> **Work required**
Below are entries; copy exactly, and only, the lines from the one containing "Celmia женские Асимметричные" through their final line, leaving out pictures.

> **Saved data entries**
..........

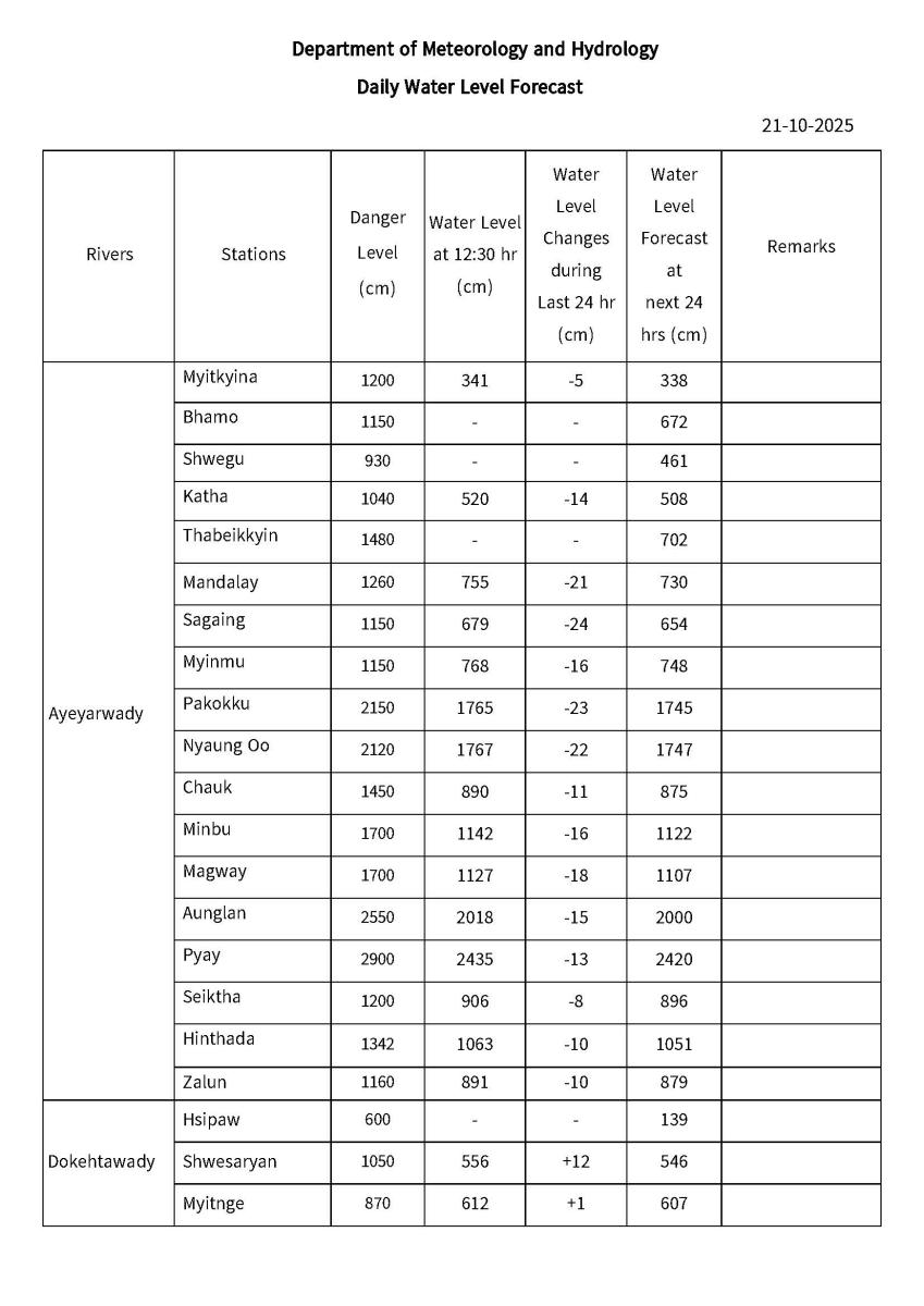 Daily Water Level Forecast (Issued at 14:00 hr MST on 21-10-2025)
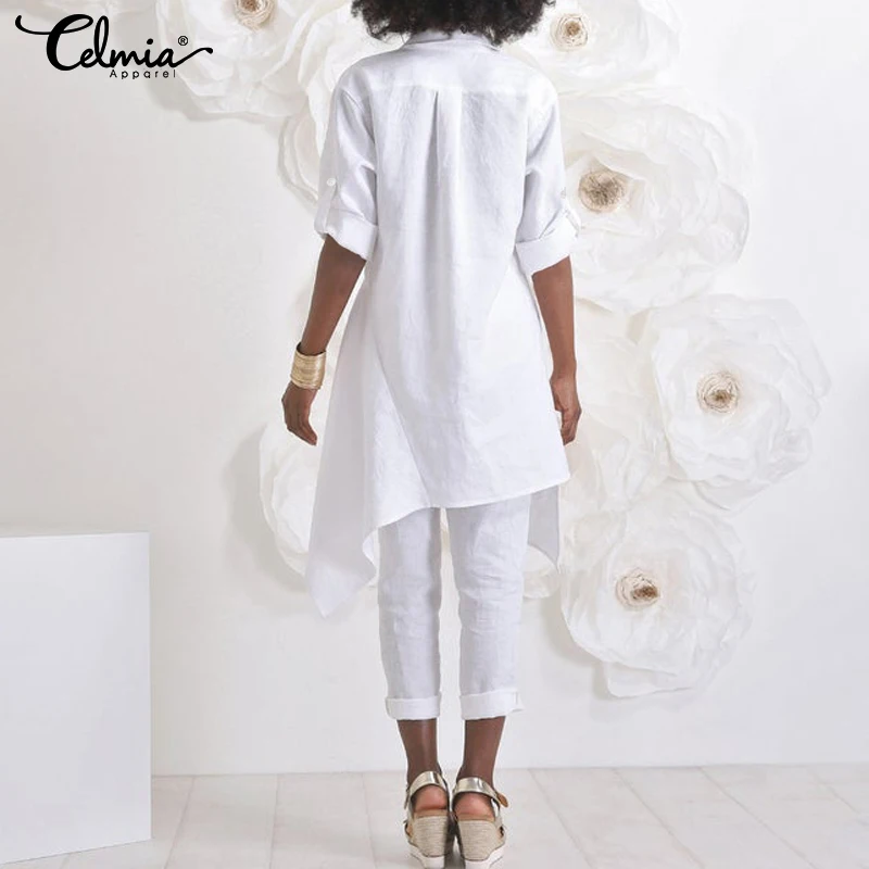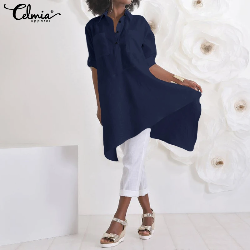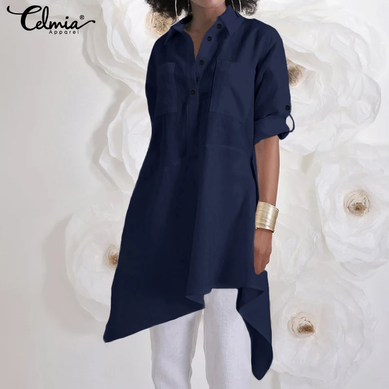 Celmia женские Асимметричные Длинные Блузки 2021 Осенняя Повседневная рубашка женская блузка на пуговицах с длинным рукавом свободная туника для отдыха женские топы
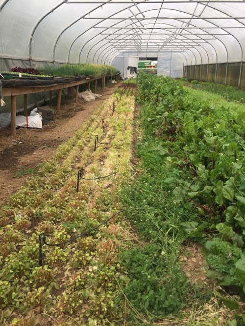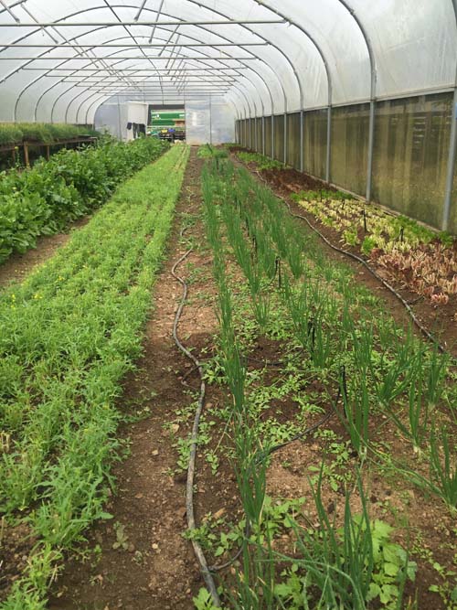 The polytunnels are used to extend the growing season on Redmond Farm. Tomatoes, salads & herbs are started off from seed straight after Christmas. Broad Beans & the earliest peas will be sown throughout October for Summer 2019. The poly tunnels offer protection from wind & rain and enable us to continue cropping salads & herbs well in to the Autumn & early Winter. We also use them to ‘season’ field grown pumpkins & squash- placing the pumpkins on benches and turning them regularly to harden the skin & ripen them.
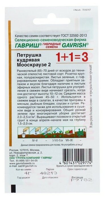 Семена Гавриш 1+1=3 Петрушка кудрявая Мооскраузе 2 ( вес : 4 г)
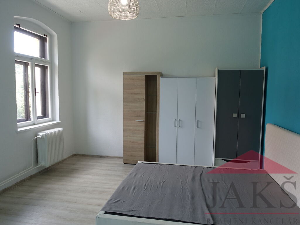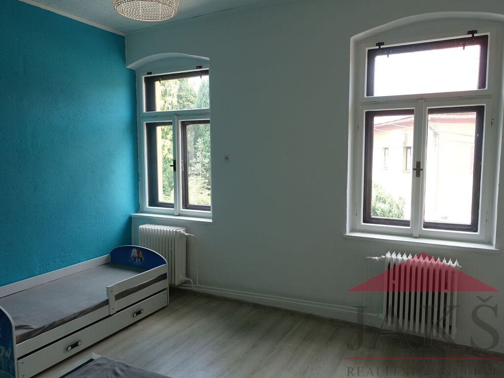 Popis: chodba se vstupem na lodžií, komora s oknem, koupelna (vana, umyv., el. boiler, pračka) s oknem, samostatné WC s oknem, prostorná průchozí kuchyně (kuch. linka s horkovzdušnou troubou, sklo-ker. deskou a lednice) s jídelnou a etážovým topením (kotel Dakon 16 na T.P.), průchozí obývací pokoj s krbovými kamny a velká zařízená ložnice.

..........

> **Exercise result**
 Celmia женские Асимметричные Длинные Блузки 2021 Осенняя Повседневная рубашка женская блузка на пуговицах с длинным рукавом свободная туника для отдыха женские топы
 The polytunnels are used to extend the growing season on Redmond Farm. Tomatoes, salads & herbs are started off from seed straight after Christmas. Broad Beans & the earliest peas will be sown throughout October for Summer 2019. The poly tunnels offer protection from wind & rain and enable us to continue cropping salads & herbs well in to the Autumn & early Winter. We also use them to ‘season’ field grown pumpkins & squash- placing the pumpkins on benches and turning them regularly to harden the skin & ripen them.
 Семена Гавриш 1+1=3 Петрушка кудрявая Мооскраузе 2 ( вес : 4 г)
 Popis: chodba se vstupem na lodžií, komora s oknem, koupelna (vana, umyv., el. boiler, pračka) s oknem, samostatné WC s oknem, prostorná průchozí kuchyně (kuch. linka s horkovzdušnou troubou, sklo-ker. deskou a lednice) s jídelnou a etážovým topením (kotel Dakon 16 na T.P.), průchozí obývací pokoj s krbovými kamny a velká zařízená ložnice.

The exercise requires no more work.